The report makes it clear that the problem of seasonality has been exacerbated in recent years. It goes on to pay a good deal of attention to Mallorca, starting out by looking at all the developments in Magalluf and at the hope that these developments will lengthen the season to nine months of the year rather than seven. There are those who would challenge Calvià mayor's assertion that there are seven months of the season (it is he that the report quotes), but even if there were, how does he envisage extending the season to nine months? Well, he doesn't, other than to say that it's all the fault of the airlines that all this brand spanking new real estate that has required colossal amounts of investment will sit empty during the winter.

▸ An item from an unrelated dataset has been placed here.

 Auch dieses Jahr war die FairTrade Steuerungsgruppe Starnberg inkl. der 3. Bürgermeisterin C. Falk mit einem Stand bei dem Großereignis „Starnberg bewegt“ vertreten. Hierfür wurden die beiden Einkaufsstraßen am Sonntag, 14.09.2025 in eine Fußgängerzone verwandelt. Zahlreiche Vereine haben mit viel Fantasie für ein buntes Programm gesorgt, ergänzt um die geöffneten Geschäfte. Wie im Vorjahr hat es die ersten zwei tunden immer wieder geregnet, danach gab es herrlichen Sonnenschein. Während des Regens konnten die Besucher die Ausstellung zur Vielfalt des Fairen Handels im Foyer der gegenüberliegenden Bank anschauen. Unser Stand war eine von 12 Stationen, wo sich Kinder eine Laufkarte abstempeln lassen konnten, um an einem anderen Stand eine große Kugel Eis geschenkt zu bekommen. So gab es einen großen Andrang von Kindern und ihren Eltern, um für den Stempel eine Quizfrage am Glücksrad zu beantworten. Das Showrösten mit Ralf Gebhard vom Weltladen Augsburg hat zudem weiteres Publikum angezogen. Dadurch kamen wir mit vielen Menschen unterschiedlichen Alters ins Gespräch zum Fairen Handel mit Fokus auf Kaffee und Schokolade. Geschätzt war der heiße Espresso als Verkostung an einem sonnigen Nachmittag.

The president of the Balearics Hotel Chains Group, Margalida Ramis of Grupotel, is then quoted as saying that there have been greater losses over the 2012/2013 winter because of cuts to air connections. So, there we have it. It's no one else's fault; just the airlines. They say, however, that there isn't a "tourist offer" to make routes worth their while. And we all say, in response to what Calviá's mayor reckons, to what Margalida Ramis states and to the airlines' justification, that we have heard it all over and over and over. For years and years and years.

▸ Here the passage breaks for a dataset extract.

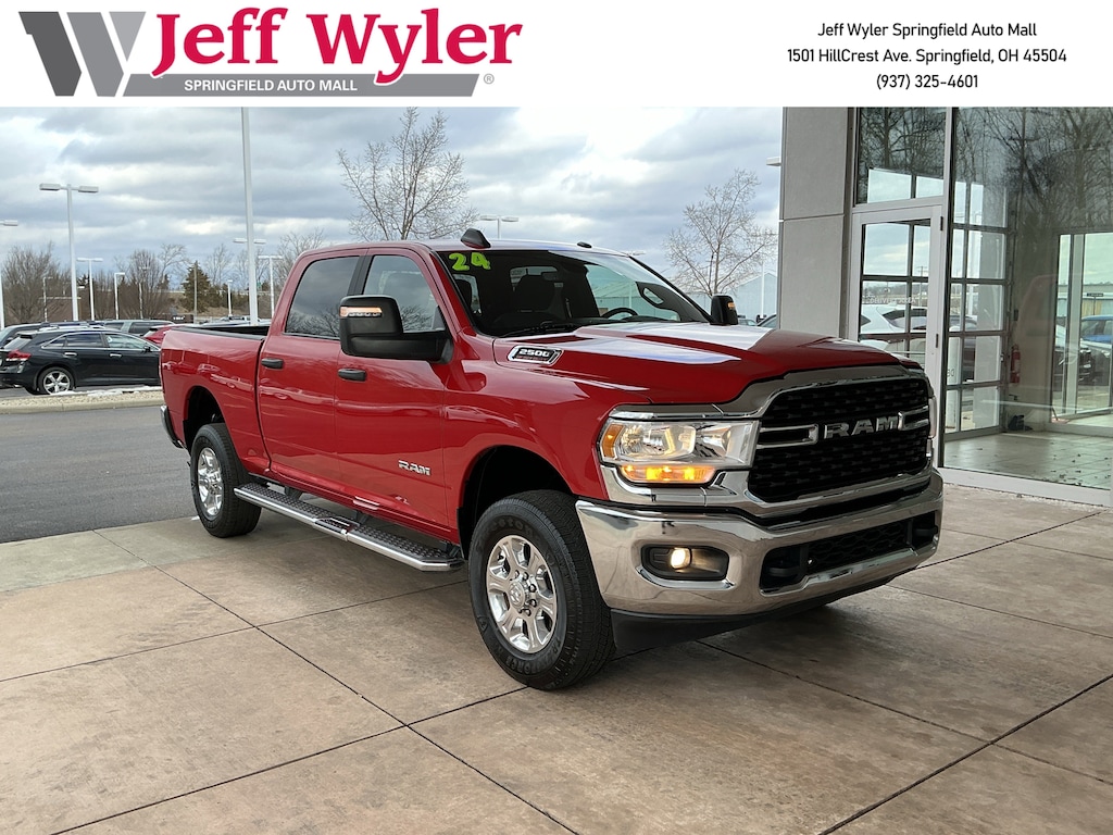 Jeff Wyler Springfield Auto Mall is very proud to offer this handsome 2024 Ram 2500 Big Horn in Flame Red Clearcoat. Well equipped with: Bed Utility Group (LED Bed Lighting, MOPAR Deployable Bed Step, and MOPAR Spray In Bedliner), Level 1 Equipment Group (2 Way Rear Headrest Seat, 2nd Row In Floor Storage Bins, 4 Way Front Headrests, 40/20/40 Split Bench Seat, 4G LTE Wi-Fi Hot Spot, 8.4" Touchscreen Display, Apple CarPlay, Auto Power-Folding Mirrors, Big Horn IP Badge, Black Exterior Mirrors, Bluetooth Handsfree Phone & Audio, Center Hub, Connectivity - US/Canada, Dual Glove Boxes, Exterior Mirrors Courtesy Lamps, Exterior Mirrors w/Heating Element, Exterior Mirrors w/Supplemental Signals, Foam Bottle Insert (Door Trim Panel), Footwell Courtesy Lamp, For Details, Visit DriveUconnect.com, For More Info, Call 800-643-2112, Forward & Reverse Utility Lights, Front Armrest w/Cupholders, Front Center Seat Cushion Storage, Front Fog Lamps, Front Seat Back Map Pockets, Global Telematics Box Module (TBM), Glove Box Lamp, Google Android Auto, GPS Antenna Input, Integrated Center Stack Radio, Integrated Voice Command w/Bluetooth, Leather Wrapped Steering Wheel, Locking Lower Glove Box, Manual Adjust 4-Way Front Passenger Seat, Mirror Running Lights, Power 2-Way Driver Lumbar Adjust, Power Adjust 8-Way Driver Seat, Power Adjust Mirrors, Power Adjustable Convex Aux Mirrors, Power Heated Fold Telescope Mirrors, Power Telescoping Mirrors, Rear 60/40 Folding Seat, Rear Dome w/On/Off Switch Lamp, Remote USB Port - Charge Only, Selectable Tire Fill Alert, SiriusXM Radio Service, SiriusXM Satellite Radio, Steering Wheel Mounted Audio Controls, Storage Tray, and Wheels: 18" x 8.0" Polished Aluminum), Protection Group (Tow Hooks), Quick Order Package 2GZ Big Horn, 3.73 Axle Ratio, 4-Wheel Disc Brakes, 6 Speakers, 9 Alpine Speakers w/Subwoofer, ABS brakes, Active Noise Control System, Air Conditioning, Anti-Spin Differential Rear Axle, Brake assist, Bumpers: chrome, Center Stack Storage Drawer, Chrome Flat Wheel-to-Wheel Side Steps, Cloth 40/20/40 Bench Seat, Compass, Delay-off headlights, Driver door bin, Dual front impact airbags, Dual front side impact airbags, Electronic Stability Control, Electronically Controlled Throttle, Emergency communication system: SiriusXM Guardian, Front anti-roll bar, Front Center Armrest w/Storage, Front License Plate Bracket, Front reading lights, Fully automatic headlights, Heated door mirrors, Illuminated entry, Low tire pressure warning, Manual Adjust 4-Way Driver Seat, Manufacturer's Statement of Origin, Occupant sensing airbag, Outside temperature display, Overhead airbag, Overhead console, Panic alarm, ParkView Rear Back-Up Camera, Passenger door bin, Passenger vanity mirror, Power door mirrors, Power steering, Power windows, Premium Cloth 40/20/40 Bench Seat (DISC), Radio data system, Radio: Uconnect 3 w/5" Display, Radio: Uconnect 5 W w/8.4" Display, Rear anti-roll bar, Rear Folding Seat, Rear seat center armrest, Rear step bumper, Remote keyless entry, Speed control, Tachometer, Tilt steering wheel, Tip Start, Traction control, Trip computer, Turn signal indicator mirrors, Variably intermittent wipers, Voltmeter, and Wheels: 18" x 8.0" Steel Chrome ClaD. Ask about available certifications. Used vehicles 10 years of age or newer with less than 100,000 miles are eligible for the Wyler Assurance Program, but eligible vehicles must pass our reconditioning process and multi-point inspection. Provided the vehicle passes inspection, vehicles will be eligible for the 6 month/6,000 mile limited warranty. The 6 month/6,000 mile limited warranty is NOT available on AS-IS vehicles, wholesale vehicles, lease buyback/pass-thru vehicles or un-inspected vehicles. Note that this program can also apply to vehicles where the remaining factory coverage is less than 6 months or 6,000 miles. Please check the Federal Trade Commission (FTC) Buyers guide on the vehicle for full details as to whether or not warranty coverage may ap

Though winter business was of a level sufficient enough in the 1990s to justify tour operators retaining tour reps through the winter (for parts of Mallorca), it was this decade that witnessed a tailing-off of what had never, despite what some might say, been huge winter tourism business. The problem of seasonality is almost as old as Mallorca's tourism industry since the boom of the 1960s. It has, as a consultant in the "Hosteltur" report points out, been a problem that has been spoken about for at least 40 years. He, Eulogio Bordas, president of THR (Turismo, Hotelería y Recreación), says that all the talk over all these years has amounted to nothing because of the absence of coherent plans and quantifiable objectives.

Bordas has a plan, and so he must be all but unique in this regard. The plan would apply to Spain, as opposed to just Mallorca, though it could, were there anyone with the vision to take it on, be applied specifically to Mallorca. What he envisages is the setting of specific goals in terms of increasing the number of winter tourists. Two million is the amount he would start out with. Crucial to doing this, he says, is not all the publicity that gets chucked around (hallelujah) but sales promotion. And this sales promotion would be designed to getting tourists to break with well-established habits. i.e. they would holiday in winter and not in the summer. In order to get them to change their routine, there would have to be all sorts of incentives, including, for example, free entrances (to some attractions).

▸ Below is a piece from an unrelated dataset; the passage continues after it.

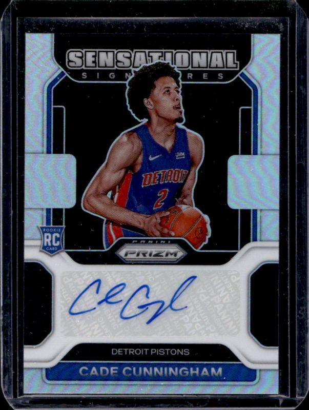 The Cade Cunningham 2021 Prizm #SS-CCU Sensational Signatures - Silver Rookie card is 1 of 102 Cade Cunningham's card variations in the 2021 Prizm set being tracked by Sports Card Investor, including #282b Base, #282 Base, #282 Photo Variation, #282 Blue NBA 75th Anniversary, and #282 Blue Wave.

To implement such a plan, an organisation would need to be established that comprises all the various relevant parties - from hotels, to theme parks, to restaurants, to town halls, to you name it - and absolutely critical would be the obtaining of concessions from the airports authority, AENA. Tax-free landing, for example.

One drawback with this scheme might be that if routines were changed and tourists started coming in winter, wouldn't this leave a hole in summer tourism? Not necessarily. The new markets like Russia that are coming on-stream have to be accommodated in summer. Moving some of the summer market to winter would actually be a benefit.

It is an ambitious plan (and I have only sketched part of it). It might appear impractical, though I don't think so, and at least it is a plan, something that, like Mallorca's absence from the top ten sun spots, has been conspicuous by its absence for at least 40 years.